Astronomers have puzzled over why some extremely faint dwarf galaxies spotted in our Milky Way galaxy's backyard contain so few stars. The galaxies are thought to be some of the tiniest, oldest, and most pristine galaxies in the Universe. They have been discovered over the past decade by astronomers using automated computer techniques to search through the images of the Sloan Digital Sky Survey. But an international team of astronomers needed the NASA/ESA Hubble Space Telescope to help solve the mystery of why these galaxies are starved of stars, and why so few of them have been found.
Hubble views of three of these small galaxies, the Hercules, Leo IV and Ursa Major dwarf galaxies, reveal that they all started forming stars more than 13 billion years ago -- and then abruptly stopped -- all in the first billion years after the Universe was born in the Big Bang. In fact, the extreme age of their stars is similar to Messier 92, the oldest known globular cluster [1] in the Milky Way.
"These galaxies are all ancient and they're all the same age, so you know something came down like a guillotine and turned off the star formation at the same time in these galaxies," said Tom Brown of the Space Telescope Science Institute in Baltimore, USA, the study's leader. "The most likely explanation is a process called reionisation."
The relic galaxies are evidence for a transitional phase in the early Universe that shut down star-making factories in tiny galaxies. This phase seems to coincide with the time when the first stars burned off a fog of cold hydrogen, a process called reionisation.
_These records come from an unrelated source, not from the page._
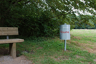 10 beschriftete verzinkte Abfallbehälter neben Sitzbänken entlang des Rubbenbruchsees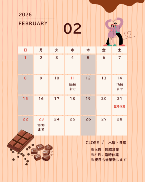 2月営業日のご案内です。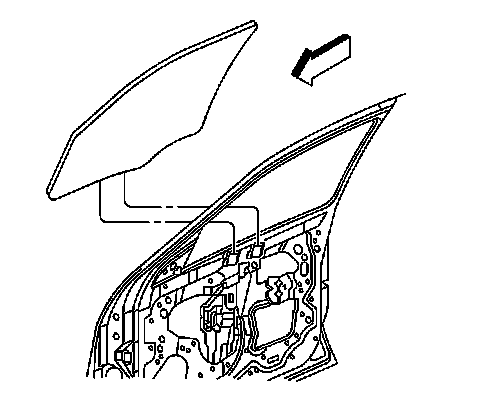 4. Remove the inner window belt sealing strip. Refer to Front Side Door Window Belt Inner Sealing Strip Replacement (Door Window Sealing Strip) .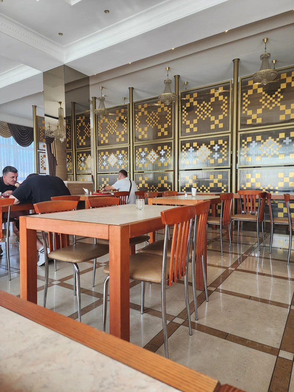 Ва ўстанове цікавы інтэр’ер: высокія белыя столі з люстрамі, стылізаванымі пад крышталь, а перагародкі на сценах упрыгожаны народным арнаментам. Дзякуючы яскраваму інтэр’еру ў сталовай нават праводзяць юбілеі і карпаратывы.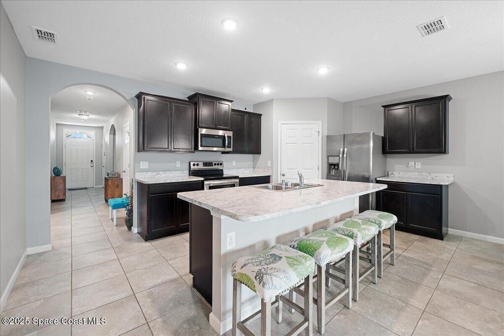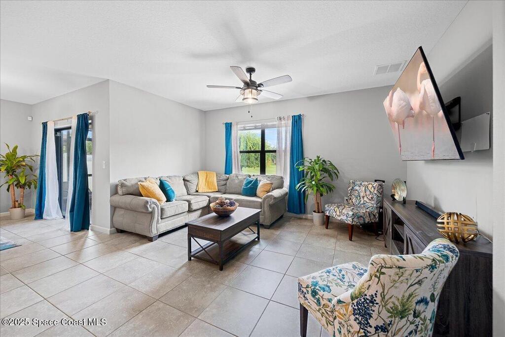A meticulously maintained 2019 Built 4-bedroom, 2-bathroom residence offers the perfect blend of modern elegance and functional design. Filled with natural light, This spacious living area flows effortlessly into the gourmet kitchen, stainless steel appliances, a large island, and a convenient breakfast bar. A nearby dining nook provides the perfect setting for casual meals while overlooking your water view. Upgraded flooring 2021, A newly added concrete walkway along the side of the entire home and extended concrete back patio 2023, Screened Patio 2022, Smart Home Technology & security cameras. Playground & walking path in community. Conveniently located just minutes from I-95, this home provides easy access to shopping, dining, and top-rated schools, as well as Melbourne's vibrant downtown and pristine beaches.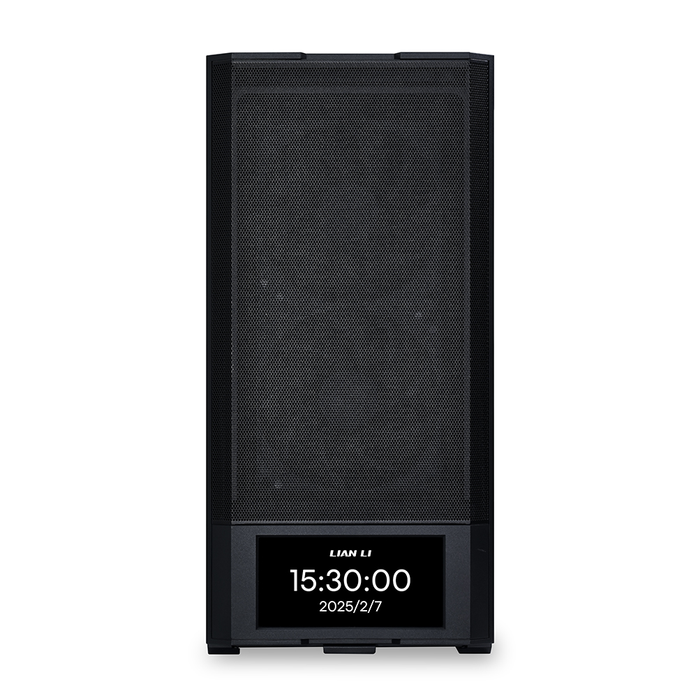 「LANCOOL 207 DIGITAL」最大の特徴はフロント下部に6インチのディスプレイを搭載したことです。解像度:720×1600px、リフレッシュレート:60Hz、輝度:500nitsのミニディスプレイは、システムの情報をリアルタイムに表示することができます。表示デザインは豊富なテンプレートから選択することができ、専用ソフトにより、さらなるカスタマイズが可能です。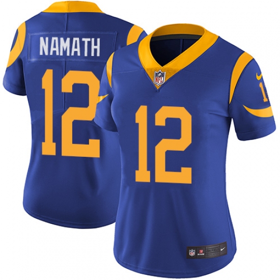 Home>NFL>Los Angeles Rams>Joe Namath>Women's Nike Los Angeles Rams #12 Joe Namath Royal Blue Alternate Vapor Untouchable Limited Player NFL Jersey
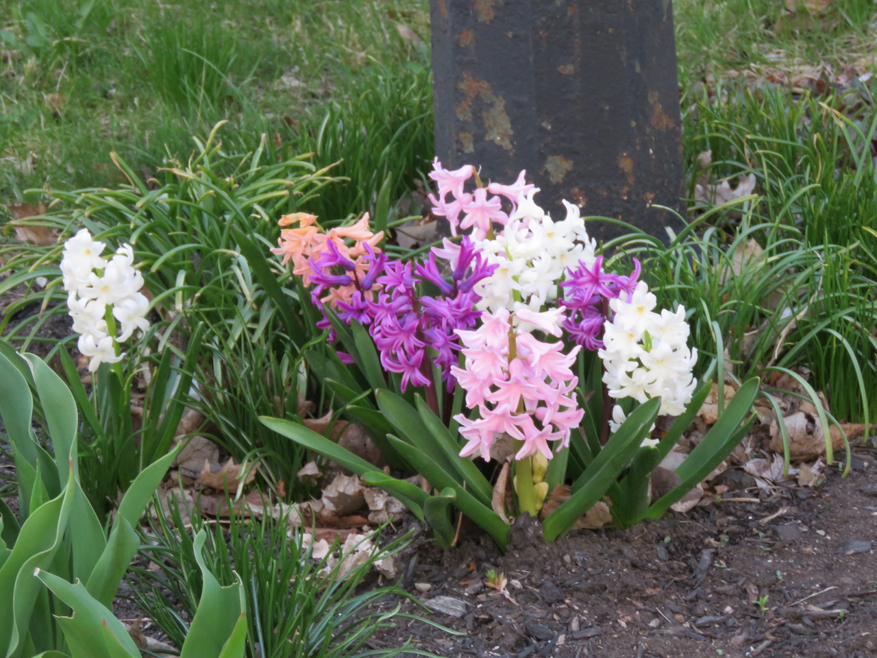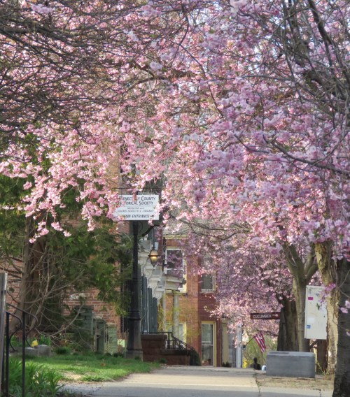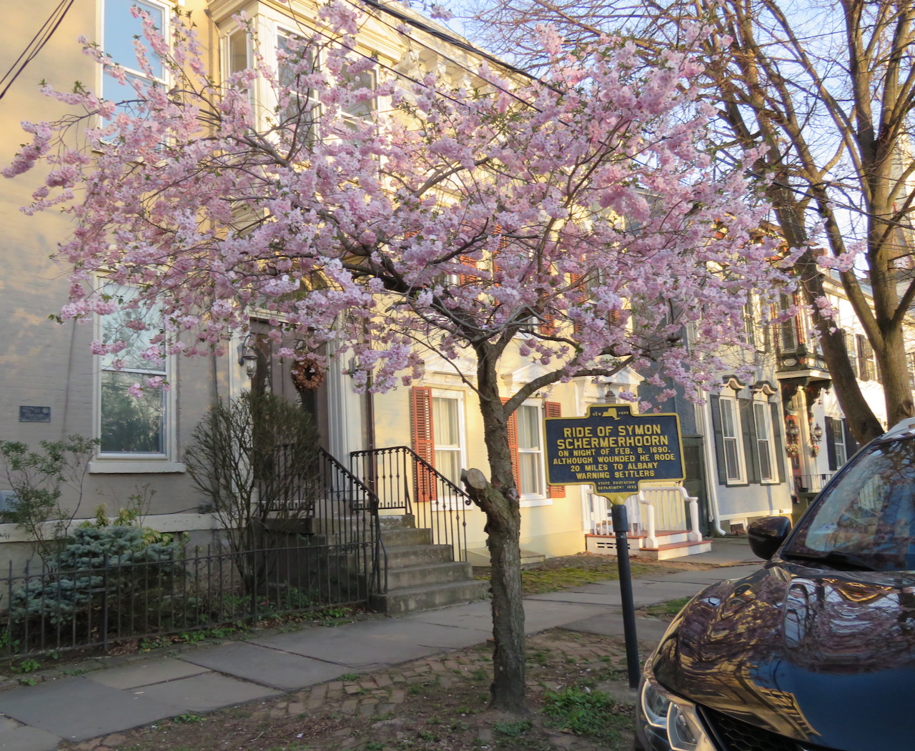 Easter sunshine gave a boost to our cherry blossom arrays in the Stockade yesterday (April 20), I am pleased to say. They may not be the most bountiful displays ever on and around my block, but they are definitely lovely and able to motivate lovers of beauty and romance, as well as cranky photographers, to come out to take a look. Magnolias were also becoming quite becoming.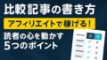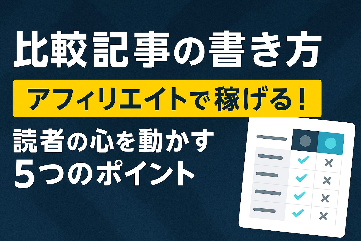 記事の書き方 アフィリエイトで稼げる!比較記事の書き方完全ガイド|読者の心を動かす5つのポイント 「比較記事って稼げるって聞いたけど、どうやって書けばいいの?」ブログを始めたばかりの頃、ぼくも同じ疑問を持っていました。でも、結論から言うと「比較記事」はアフィリエイト収益を加速させる超強力な武器です。たとえば「おすすめのVOD3選」とか「... 2025.10.01 記事の書き方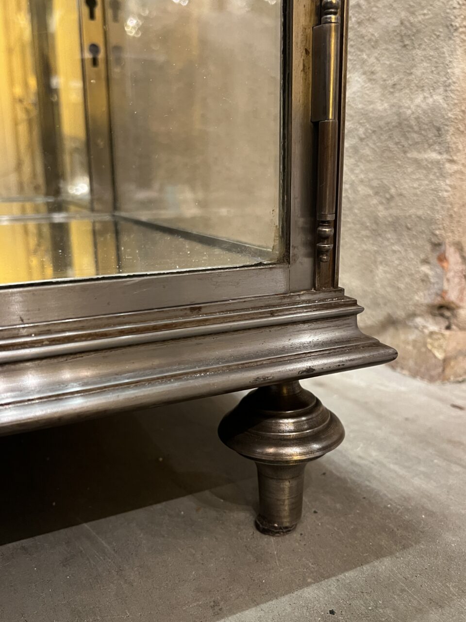 Fransk art deco vitrineskab , i forniklet messing, fra omkring 1930 erne.

In this period, which began in the first billion years after the Big Bang, radiation from the first stars knocked electrons off primeval hydrogen atoms, ionising the Universe's cool hydrogen gas.
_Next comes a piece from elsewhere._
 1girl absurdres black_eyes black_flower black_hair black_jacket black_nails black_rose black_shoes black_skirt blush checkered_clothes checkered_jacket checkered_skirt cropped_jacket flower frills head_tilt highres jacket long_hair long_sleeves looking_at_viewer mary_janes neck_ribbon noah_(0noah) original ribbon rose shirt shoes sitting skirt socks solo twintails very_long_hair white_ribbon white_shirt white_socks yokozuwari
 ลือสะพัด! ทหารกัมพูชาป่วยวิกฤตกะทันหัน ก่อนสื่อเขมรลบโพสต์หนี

The same radiation that sparked universal reionisation also appears to have squelched star-making activities in dwarf galaxies, such as those in Brown's study. The small irregular galaxies were born about 100 million years before reionisation began and had just started to churn out stars at that time. Roughly 2000 light-years wide, these galaxies are the lightweight cousins of the more luminous and higher-mass star-making dwarf galaxies near our Milky Way. Unlike their higher-mass relatives, the puny galaxies were not massive enough to shield themselves from the harsh ultraviolet light. What little gas they had was stripped away as the flood of ultraviolet light rushed through them. Their gas supply depleted, the galaxies could not make new stars.
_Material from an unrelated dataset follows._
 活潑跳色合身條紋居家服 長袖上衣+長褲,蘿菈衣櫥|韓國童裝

The discovery could help explain the so-called "missing satellite problem," where only a few dozen dwarf galaxies have been observed around the Milky Way while the computer simulations predict that thousands should exist. One possible explanation for the low number discovered to date is that there has been very little, or even no star formation in the smallest of these dwarf galaxies, leaving them virtually invisible.
The Sloan survey recently uncovered more than a dozen of these galaxies in our cosmic neighbourhood. These have very few stars -- only a few hundred or thousand -- but a great deal of dark matter, the underlying scaffolding upon which galaxies are built. Normal dwarf galaxies near the Milky Way contain 10 times more dark matter than the ordinary matter that makes up gas and stars, while in these so-called ultra-faint dwarf galaxies, dark matter outweighs ordinary matter by at least a factor of 100. Astronomers think the rest of the sky should contain dozens more of these ultra-faint dwarf galaxies with few stars, and the evidence for squelched star formation in the smallest of these dwarfs suggests that there may be still thousands more with essentially no stars at all.